→ Description of the task
Word for word, restate all the records; images are not part of the copy.

→ Data excerpts
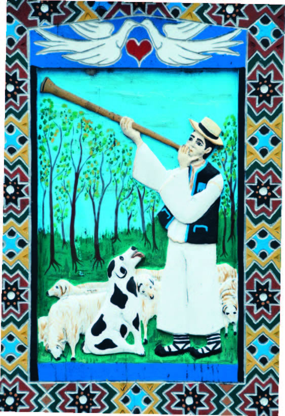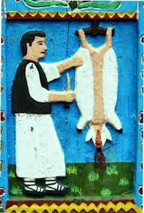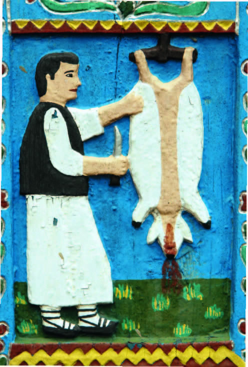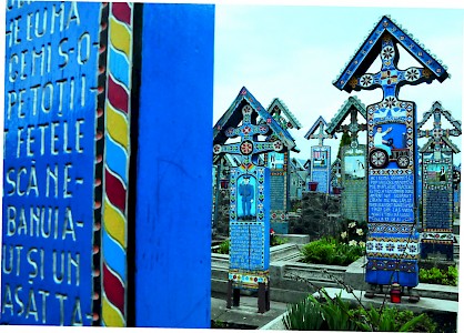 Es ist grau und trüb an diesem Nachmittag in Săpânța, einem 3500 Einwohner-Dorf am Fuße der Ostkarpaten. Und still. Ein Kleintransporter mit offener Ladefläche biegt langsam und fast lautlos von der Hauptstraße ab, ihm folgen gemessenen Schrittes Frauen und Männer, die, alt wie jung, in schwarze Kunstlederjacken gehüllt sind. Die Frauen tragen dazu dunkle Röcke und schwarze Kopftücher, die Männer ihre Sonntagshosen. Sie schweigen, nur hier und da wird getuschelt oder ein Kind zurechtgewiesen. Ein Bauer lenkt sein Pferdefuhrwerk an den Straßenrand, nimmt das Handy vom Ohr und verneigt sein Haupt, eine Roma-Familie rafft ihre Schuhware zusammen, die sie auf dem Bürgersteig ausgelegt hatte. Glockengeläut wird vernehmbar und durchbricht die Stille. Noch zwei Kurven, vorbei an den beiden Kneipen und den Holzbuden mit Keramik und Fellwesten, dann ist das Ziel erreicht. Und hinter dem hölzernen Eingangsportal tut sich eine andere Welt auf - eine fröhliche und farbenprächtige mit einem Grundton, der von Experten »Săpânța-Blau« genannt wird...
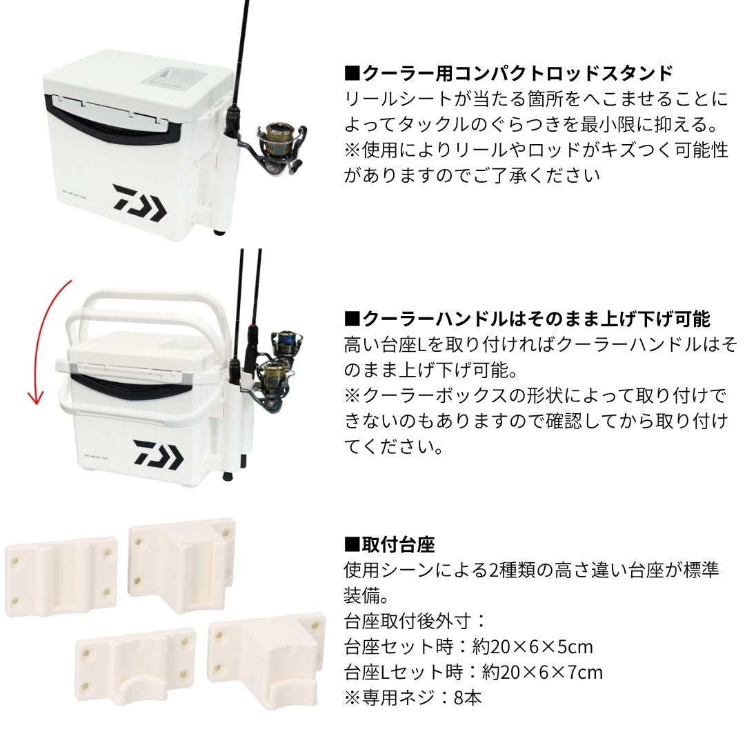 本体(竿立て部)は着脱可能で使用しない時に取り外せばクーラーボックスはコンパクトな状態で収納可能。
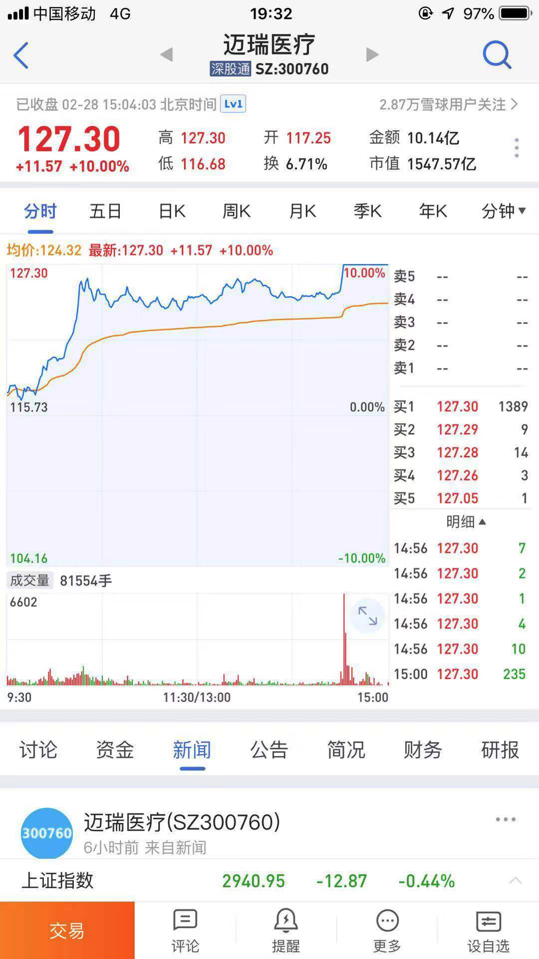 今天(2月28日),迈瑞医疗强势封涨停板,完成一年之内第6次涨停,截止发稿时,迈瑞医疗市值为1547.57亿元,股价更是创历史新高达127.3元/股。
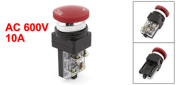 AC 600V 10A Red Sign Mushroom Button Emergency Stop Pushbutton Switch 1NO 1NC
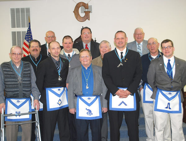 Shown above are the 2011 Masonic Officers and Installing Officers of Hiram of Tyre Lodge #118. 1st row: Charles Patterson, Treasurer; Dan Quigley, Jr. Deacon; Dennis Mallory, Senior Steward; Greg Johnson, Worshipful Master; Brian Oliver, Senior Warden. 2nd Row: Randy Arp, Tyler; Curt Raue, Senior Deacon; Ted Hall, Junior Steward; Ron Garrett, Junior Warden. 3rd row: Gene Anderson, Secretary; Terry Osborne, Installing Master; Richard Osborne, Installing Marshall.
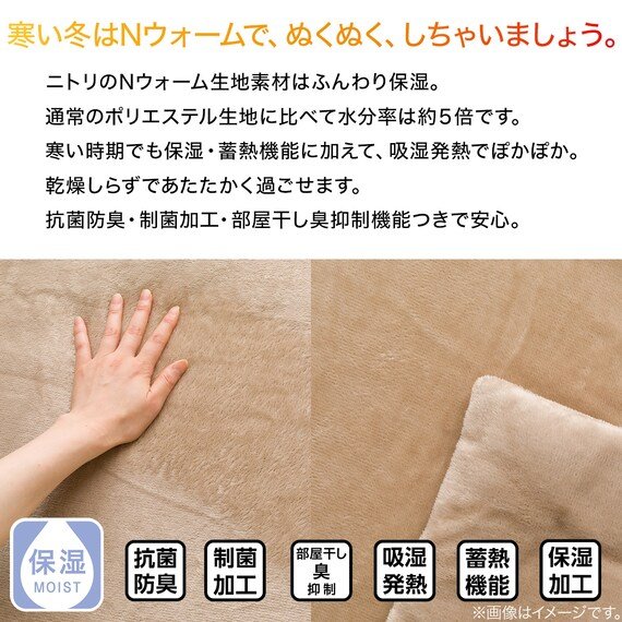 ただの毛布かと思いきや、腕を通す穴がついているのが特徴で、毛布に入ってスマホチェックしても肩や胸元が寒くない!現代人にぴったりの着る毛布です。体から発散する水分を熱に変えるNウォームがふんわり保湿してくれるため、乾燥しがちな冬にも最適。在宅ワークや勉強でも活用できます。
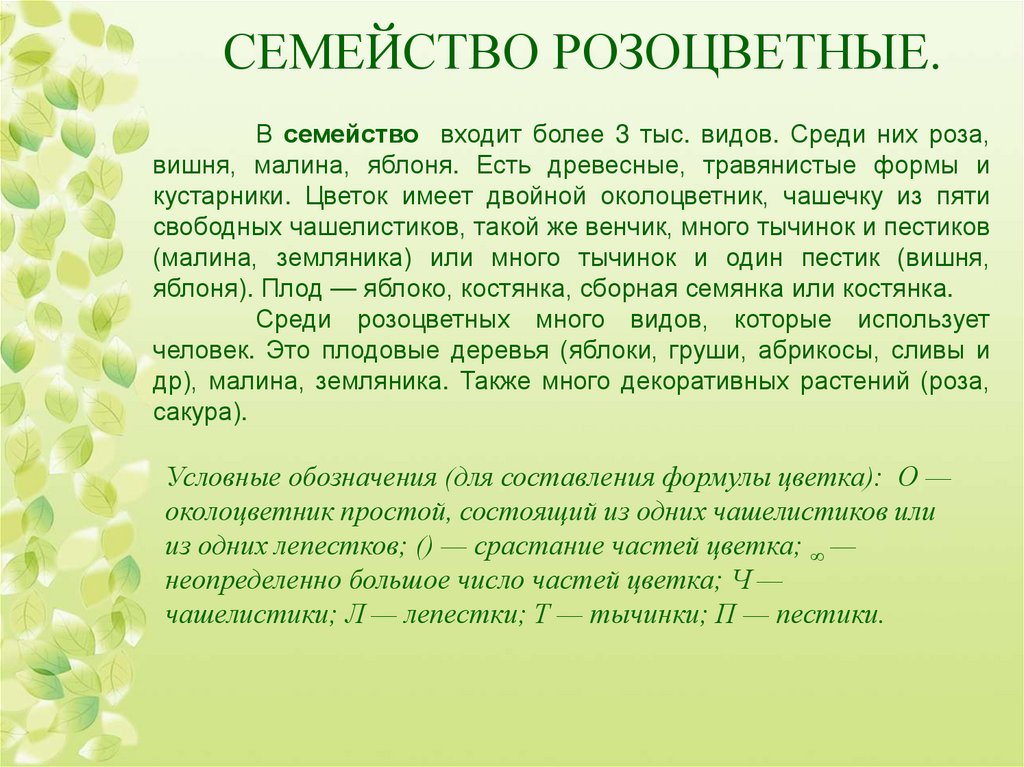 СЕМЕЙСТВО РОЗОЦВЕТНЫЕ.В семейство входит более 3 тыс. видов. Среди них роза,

→ Exercise response
 Es ist grau und trüb an diesem Nachmittag in Săpânța, einem 3500 Einwohner-Dorf am Fuße der Ostkarpaten. Und still. Ein Kleintransporter mit offener Ladefläche biegt langsam und fast lautlos von der Hauptstraße ab, ihm folgen gemessenen Schrittes Frauen und Männer, die, alt wie jung, in schwarze Kunstlederjacken gehüllt sind. Die Frauen tragen dazu dunkle Röcke und schwarze Kopftücher, die Männer ihre Sonntagshosen. Sie schweigen, nur hier und da wird getuschelt oder ein Kind zurechtgewiesen. Ein Bauer lenkt sein Pferdefuhrwerk an den Straßenrand, nimmt das Handy vom Ohr und verneigt sein Haupt, eine Roma-Familie rafft ihre Schuhware zusammen, die sie auf dem Bürgersteig ausgelegt hatte. Glockengeläut wird vernehmbar und durchbricht die Stille. Noch zwei Kurven, vorbei an den beiden Kneipen und den Holzbuden mit Keramik und Fellwesten, dann ist das Ziel erreicht. Und hinter dem hölzernen Eingangsportal tut sich eine andere Welt auf - eine fröhliche und farbenprächtige mit einem Grundton, der von Experten »Săpânța-Blau« genannt wird...
 本体(竿立て部)は着脱可能で使用しない時に取り外せばクーラーボックスはコンパクトな状態で収納可能。
 今天(2月28日),迈瑞医疗强势封涨停板,完成一年之内第6次涨停,截止发稿时,迈瑞医疗市值为1547.57亿元,股价更是创历史新高达127.3元/股。
 AC 600V 10A Red Sign Mushroom Button Emergency Stop Pushbutton Switch 1NO 1NC
 Shown above are the 2011 Masonic Officers and Installing Officers of Hiram of Tyre Lodge #118. 1st row: Charles Patterson, Treasurer; Dan Quigley, Jr. Deacon; Dennis Mallory, Senior Steward; Greg Johnson, Worshipful Master; Brian Oliver, Senior Warden. 2nd Row: Randy Arp, Tyler; Curt Raue, Senior Deacon; Ted Hall, Junior Steward; Ron Garrett, Junior Warden. 3rd row: Gene Anderson, Secretary; Terry Osborne, Installing Master; Richard Osborne, Installing Marshall.
 ただの毛布かと思いきや、腕を通す穴がついているのが特徴で、毛布に入ってスマホチェックしても肩や胸元が寒くない!現代人にぴったりの着る毛布です。体から発散する水分を熱に変えるNウォームがふんわり保湿してくれるため、乾燥しがちな冬にも最適。在宅ワークや勉強でも活用できます。
 СЕМЕЙСТВО РОЗОЦВЕТНЫЕ.В семейство входит более 3 тыс. видов. Среди них роза,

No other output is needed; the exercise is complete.